▸ EXERCISE DETAILS
Return each line of the listing below, unchanged, and omit the images.

▸ DATA SHOWN
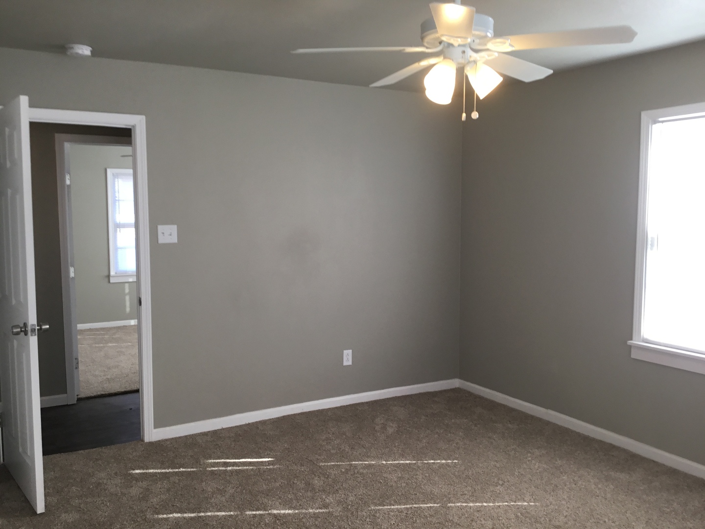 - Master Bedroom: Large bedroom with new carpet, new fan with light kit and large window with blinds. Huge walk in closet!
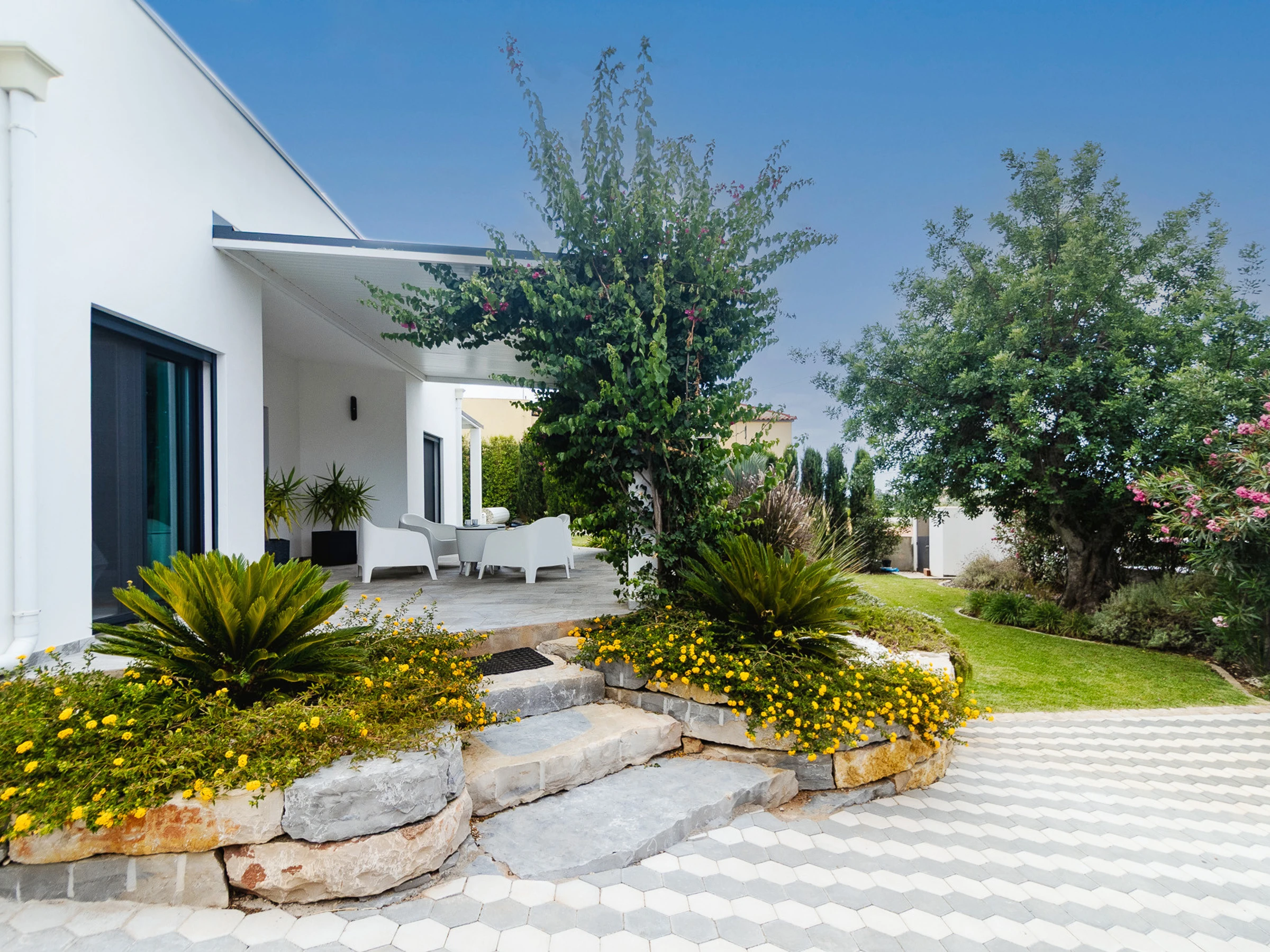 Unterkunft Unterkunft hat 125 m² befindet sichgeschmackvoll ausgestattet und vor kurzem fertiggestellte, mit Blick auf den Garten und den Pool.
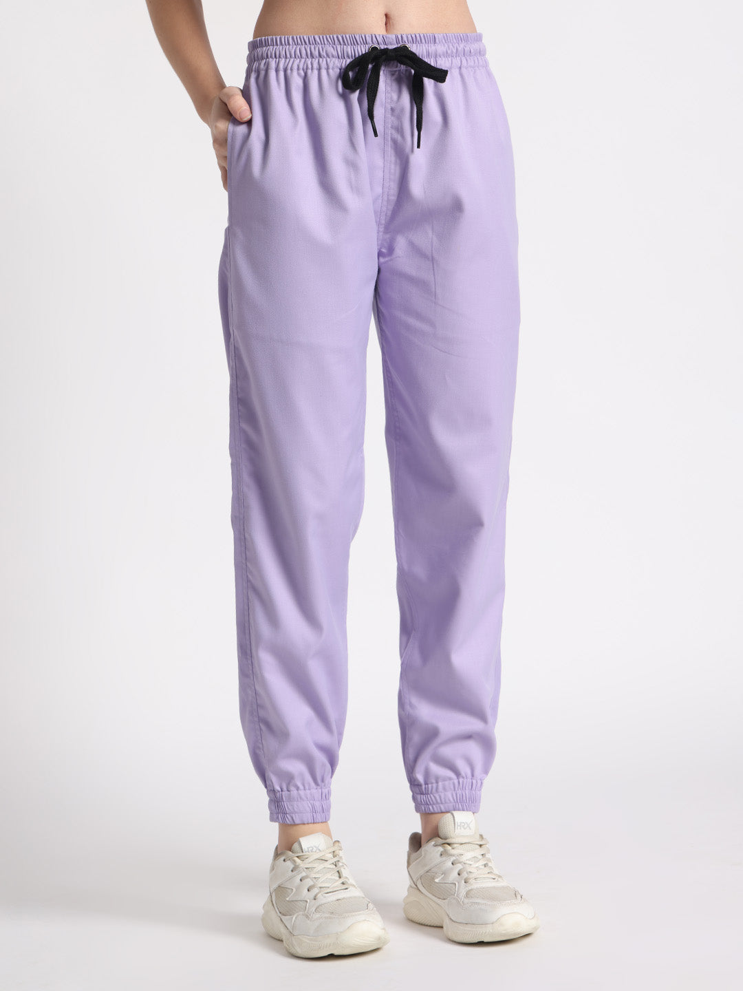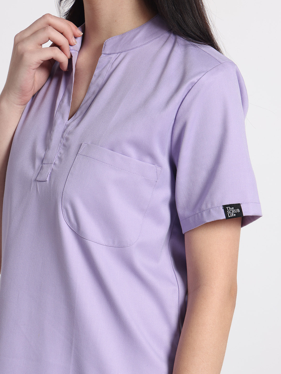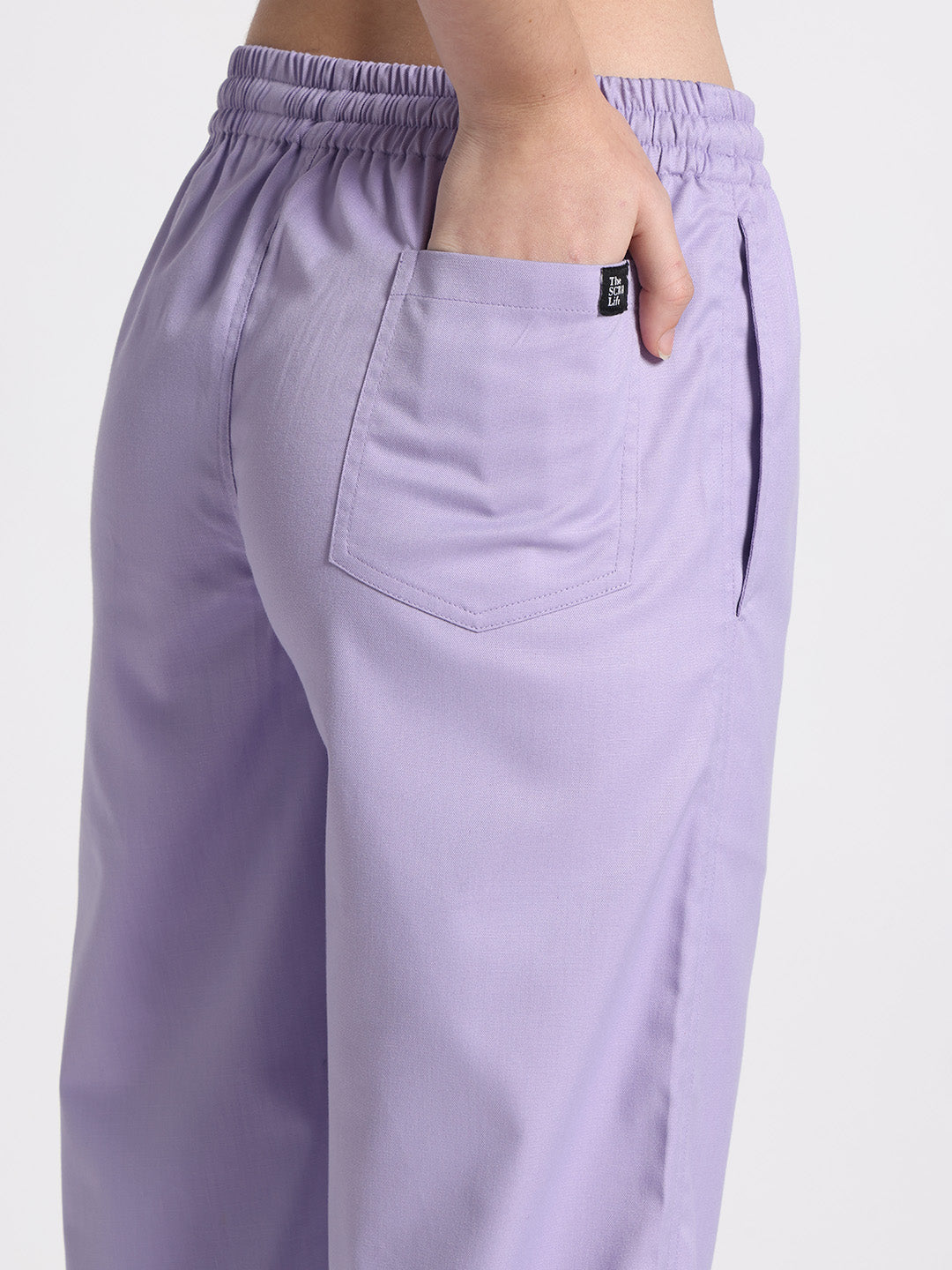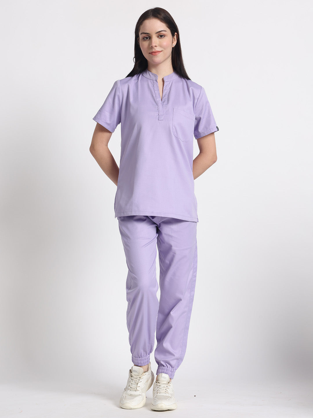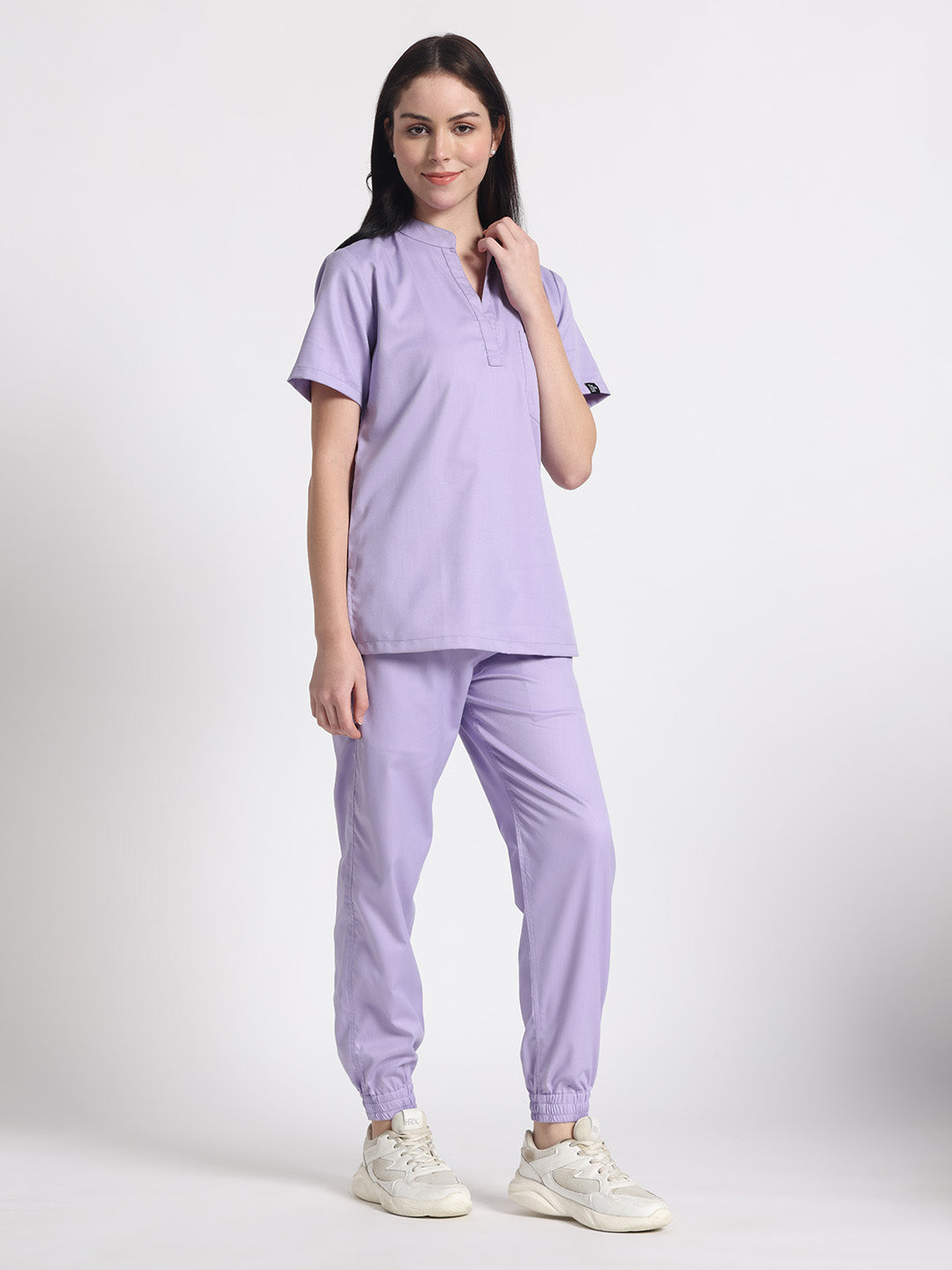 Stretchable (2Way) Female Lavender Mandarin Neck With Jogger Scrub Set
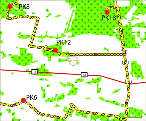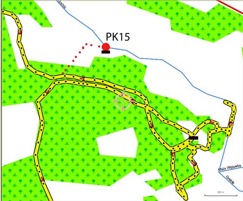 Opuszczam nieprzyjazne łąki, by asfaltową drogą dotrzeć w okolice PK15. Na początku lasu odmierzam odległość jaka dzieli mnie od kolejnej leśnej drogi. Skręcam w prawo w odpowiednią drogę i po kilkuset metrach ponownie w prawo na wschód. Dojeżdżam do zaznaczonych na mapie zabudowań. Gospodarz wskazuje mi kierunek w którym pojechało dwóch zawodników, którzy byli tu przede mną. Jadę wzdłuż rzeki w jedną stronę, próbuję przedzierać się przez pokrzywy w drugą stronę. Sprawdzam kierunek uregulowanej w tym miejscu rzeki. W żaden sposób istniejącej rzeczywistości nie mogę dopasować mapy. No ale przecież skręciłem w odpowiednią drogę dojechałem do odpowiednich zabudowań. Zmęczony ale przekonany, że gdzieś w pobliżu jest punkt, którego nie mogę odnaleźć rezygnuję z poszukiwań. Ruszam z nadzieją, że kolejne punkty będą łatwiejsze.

▸ SOLVED PROBLEM
 - Master Bedroom: Large bedroom with new carpet, new fan with light kit and large window with blinds. Huge walk in closet!
 Unterkunft Unterkunft hat 125 m² befindet sichgeschmackvoll ausgestattet und vor kurzem fertiggestellte, mit Blick auf den Garten und den Pool.
 Stretchable (2Way) Female Lavender Mandarin Neck With Jogger Scrub Set
 Opuszczam nieprzyjazne łąki, by asfaltową drogą dotrzeć w okolice PK15. Na początku lasu odmierzam odległość jaka dzieli mnie od kolejnej leśnej drogi. Skręcam w prawo w odpowiednią drogę i po kilkuset metrach ponownie w prawo na wschód. Dojeżdżam do zaznaczonych na mapie zabudowań. Gospodarz wskazuje mi kierunek w którym pojechało dwóch zawodników, którzy byli tu przede mną. Jadę wzdłuż rzeki w jedną stronę, próbuję przedzierać się przez pokrzywy w drugą stronę. Sprawdzam kierunek uregulowanej w tym miejscu rzeki. W żaden sposób istniejącej rzeczywistości nie mogę dopasować mapy. No ale przecież skręciłem w odpowiednią drogę dojechałem do odpowiednich zabudowań. Zmęczony ale przekonany, że gdzieś w pobliżu jest punkt, którego nie mogę odnaleźć rezygnuję z poszukiwań. Ruszam z nadzieją, że kolejne punkty będą łatwiejsze.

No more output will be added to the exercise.